(Recorded data Opens)

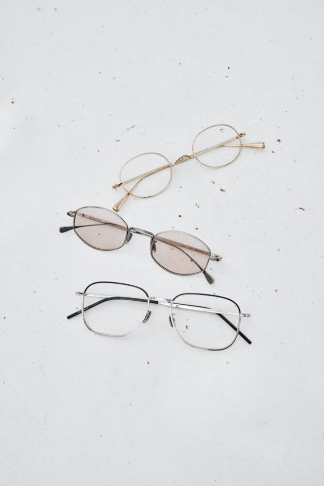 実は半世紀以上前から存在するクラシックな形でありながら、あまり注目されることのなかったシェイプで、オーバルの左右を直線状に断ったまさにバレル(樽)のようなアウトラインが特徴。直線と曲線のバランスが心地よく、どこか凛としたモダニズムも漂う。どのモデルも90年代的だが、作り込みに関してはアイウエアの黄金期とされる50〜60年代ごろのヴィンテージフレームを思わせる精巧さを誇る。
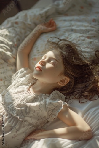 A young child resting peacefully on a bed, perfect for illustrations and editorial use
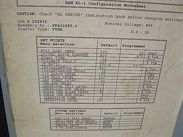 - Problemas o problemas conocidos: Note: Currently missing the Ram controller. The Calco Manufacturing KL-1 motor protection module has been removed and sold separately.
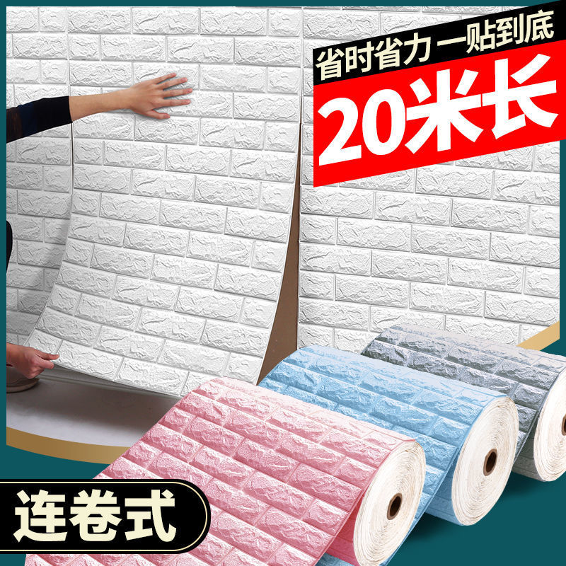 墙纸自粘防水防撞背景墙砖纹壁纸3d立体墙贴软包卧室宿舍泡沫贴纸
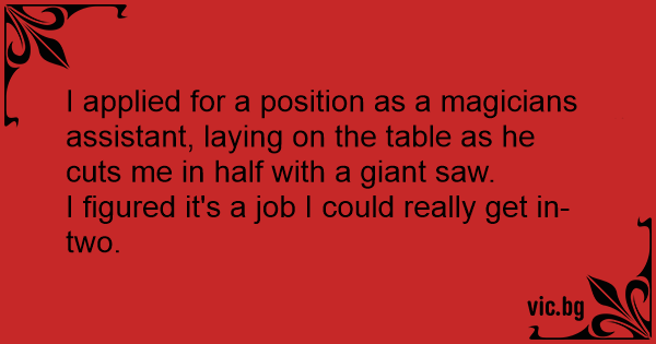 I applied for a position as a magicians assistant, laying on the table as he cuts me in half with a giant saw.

(Recorded data Closes)

Your response should consist solely of the lines from the line with "墙纸自粘防水防撞背景墙砖纹壁纸3d立体墙贴软包卧室宿舍泡沫贴纸" through the last line of the entries above, printed exactly and without pictures.

**Answer for this exercise:**
 墙纸自粘防水防撞背景墙砖纹壁纸3d立体墙贴软包卧室宿舍泡沫贴纸
 I applied for a position as a magicians assistant, laying on the table as he cuts me in half with a giant saw.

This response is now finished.